Чалый, довольный собой, деланно-равнодушно смотрел на гору грязной одежды и на Малинина — тот, синюшный, покрытый гусиной кожей, жался грязной спиной к заржавленной "буржуйке".
Перетасовав карты, Астафьев неожиданно ласково произнес:
— Ничего, Малина, в жизни всякое бывает… Сегодня ты мне проиграл, завтра — я тебе. Судьба, бля, она ведь, как баба, знаешь, завсегда предает. Стерва переменчивая. Давай еще…
С этими словами он тасонул колоду и небрежно бросил ее на пол.
— Что? — в ужасе отшатнулся Малина и, задев локтем раскаленную бочку, тут же вскрикнул.
— Ну, я же говорю, что судьба переменчива. Что — может быть, отыграешься?
— Да что ты… Как я по тайге босиком, в одних трусах и без портянок пойду? Я же не генерал Карбышев! Нет, не хочу!..
— Если не захочешь — будешь у меня красным командиром Лазо, — как бы невзначай бросил Астафьев, многозначительно и зловеще кивнув в сторону докрасна раскаленной бочки, — которого японцы живьем в паровозной топке сожгли. Да ладно, че ты, в натуре, заладил, как целка-невидимка: "не хочу, не хочу", — перекривлял он последние слова подельника. — Давай…
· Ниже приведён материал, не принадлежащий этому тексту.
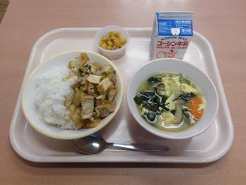 厚揚げ入り豚キムチパワー丼は、ラクビ―の選手が強い体を作り、また維持していくために必要な栄養が含まれた料理です。今日は、持久走大会がありました。運動して疲れた体には、今日のメニューはぴったりですね。4年生では、お替わりで全ての食缶が空になりました。カレー味のポップビーンズも大人気です。
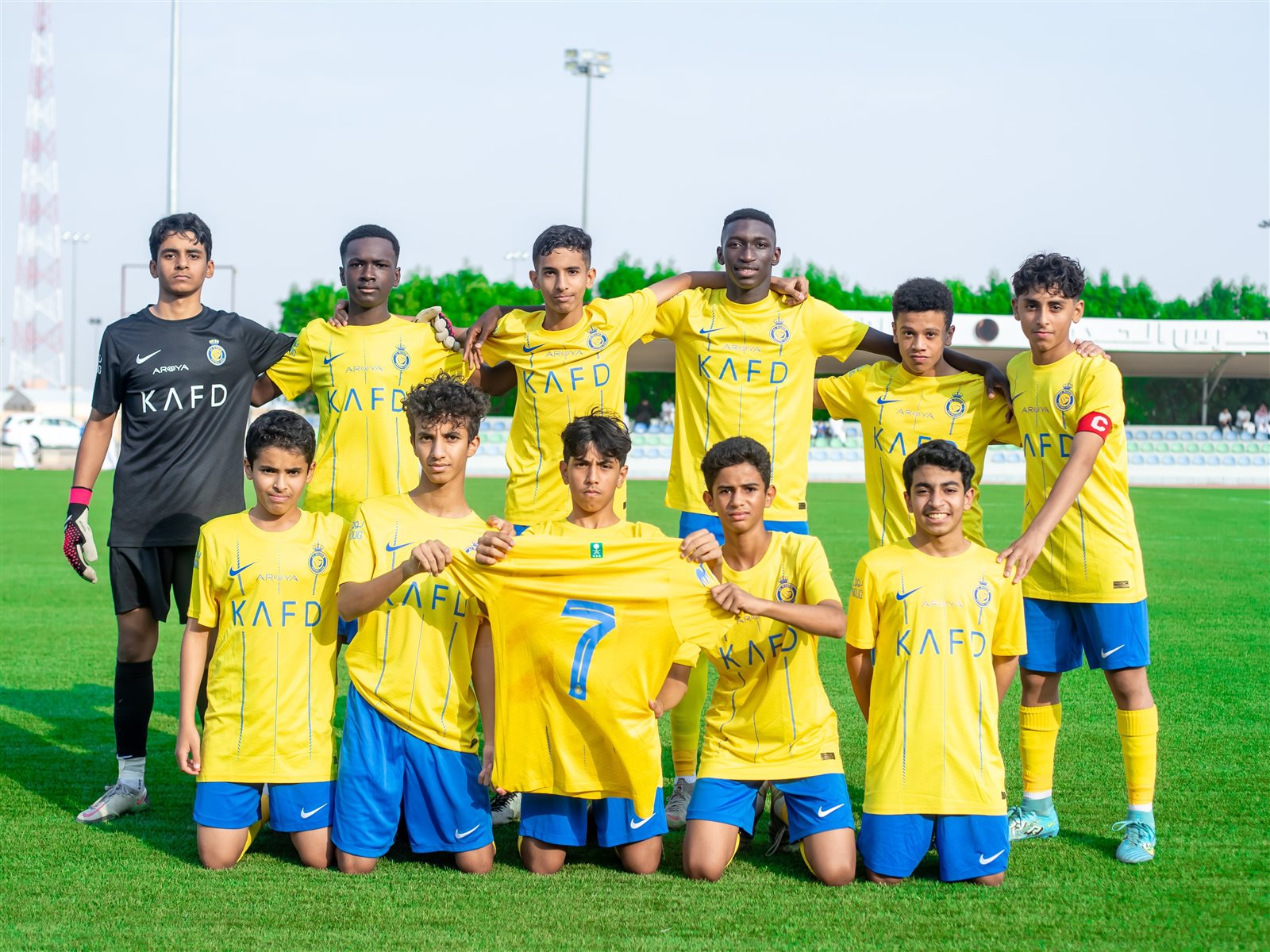 وقبل بدأ اللقاء رفع فريق براعم النصر، قميص كريستيانو جونيور، خلال الجلسة التصويرية لفريق قيل بدأ مباراتهم امام نادي الهلال بالدوري.
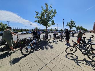 Einmal im Jahr befährt die CDU Kelsterbach mit dem Rad das Stadtgebiet, um einen Überblick über aktuelle Projekte zu bieten. Los ging es am Rathaus. CDU-Vorsitzender Frank Wiegand begrüßte die Teilnehmenden, bevor sich die Truppe auf den Weg machte.
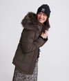 Damska puchowa kurtka premium Superdry Trophy Alps. Ta kurtka z naszej kolekcji premium ma wypełnienie kaczym puchem w stosunku 90/10, zapięcie na zamek i przetyczki, dwie przednie kieszenie na zamek, otwory wentylacyjne pod pachami, ściągany sznurkiem pas, kaptur i obszycie, mankiety wykończone ściągaczami, odpinany kaptur oraz regulowane wykończenie ze sztucznego futra. Całości dopełnia metalowe logo Superdry na jednym z rękawów, a na drugim naszywka z logo Superdry.
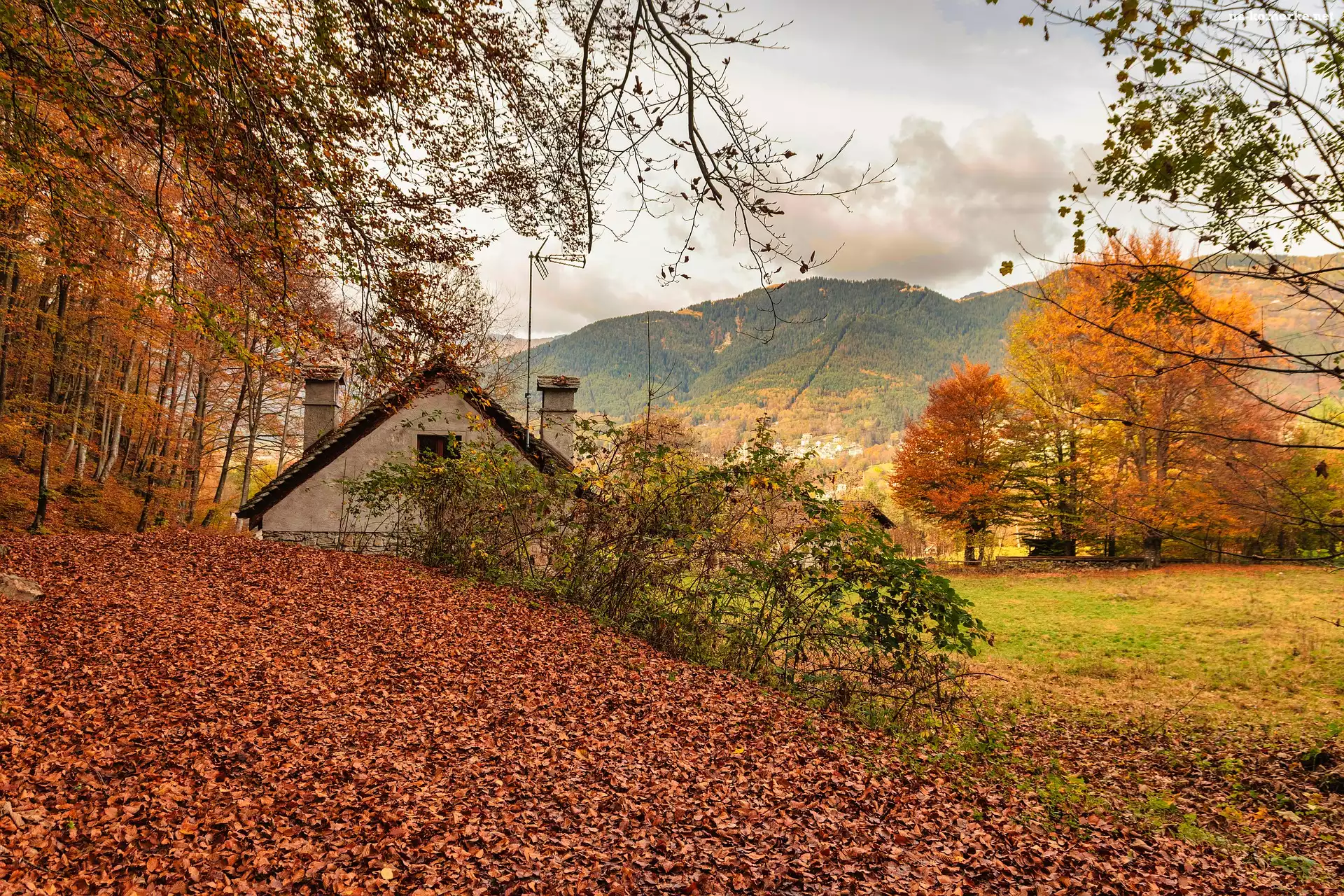 Drzewa, Jesień, Dom, Wzgórze, Liście, Opadłe na Komórkę
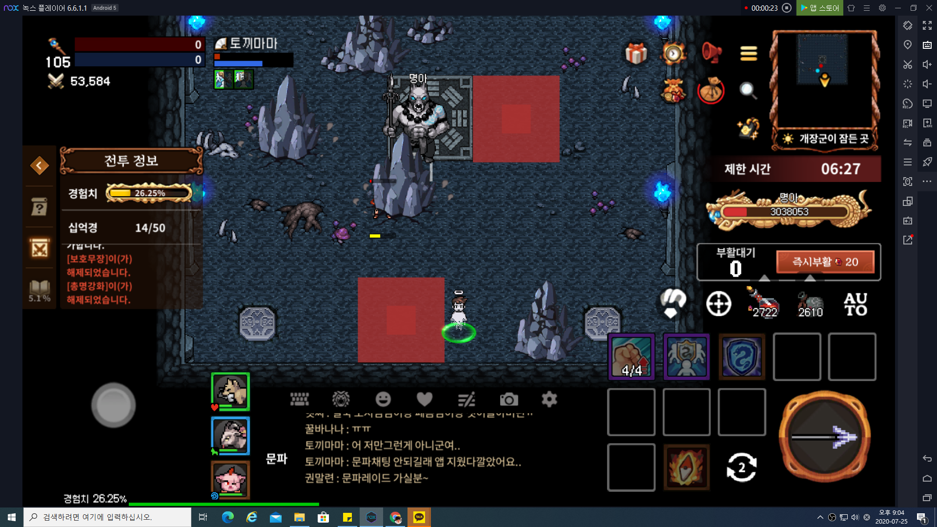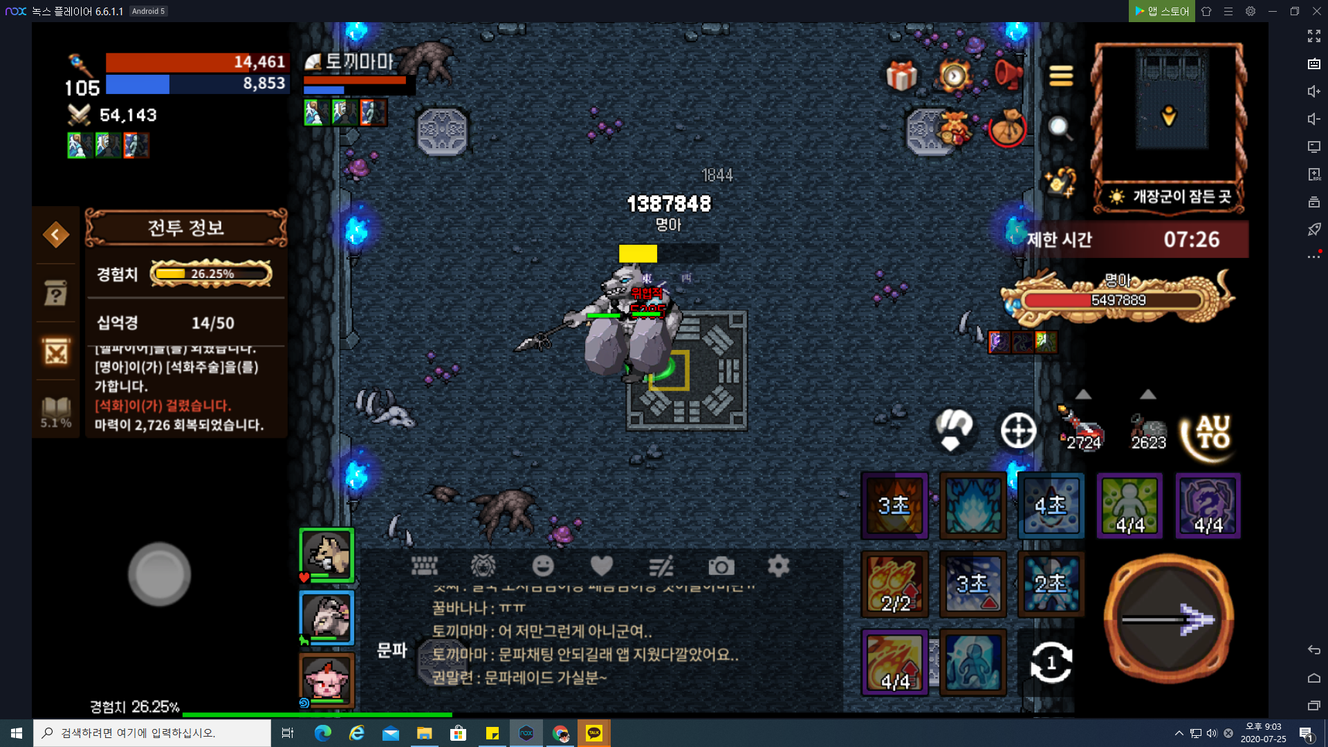 위 이미지가 체력 25%에 시전하는 스킬을 막지 못했을 때입니다. 위에서 떨어지는 돌떵이가 굉장히 아픕니다. 스킬도 굉장히 오래 쓰기 때문에 만약에 죽었다면 스킬이 끝난 후에 부활하시기 바랍니다.

— Так ведь все проиграл. Ставить-то мне на кон нечего, — вздохнул Малинин, думая, что теперь его злоключения закончатся.
— Ну, а мы на что-нибудь другое… — осторожно напомнил Чалый.
— На что?
— Ну, а ты сам, сам придумай, — хитро подмигнул Астафьев. — А как придумаешь — так и мне сразу же скажешь.
— Ни на что с тобой я играть не буду, — твердо заявил Малинин.
— А "на просто так" согласен? — вкрадчиво спросил Чалый.
То ли Малинин был закошмарен до последней степени, то ли верил еще в остатки благородства подельника, то ли действительно в мыслях думал отыграться, но он согласился.
А зря ведь. На блатном жаргоне слова "просто так" означают "на очко" — то есть на гомосексуальный акт, при этом пассивным педерастом, естественно, становится проигравшая сторона…
— Ну, давай, что ли, — Малинин с шумом выдохнул из себя воздух.
— Я тебе даже фору дам. — Татуированные руки Иннокентия принялись ловко тасовать колоду.
— Что?
— Ну, ты ставишь свое "просто так", а я — твои сапоги, — предложил Чалый; при этом он наклонил голову, чтобы партнер по игре и будущий — по педерастии не заметил его хитрой улыбки.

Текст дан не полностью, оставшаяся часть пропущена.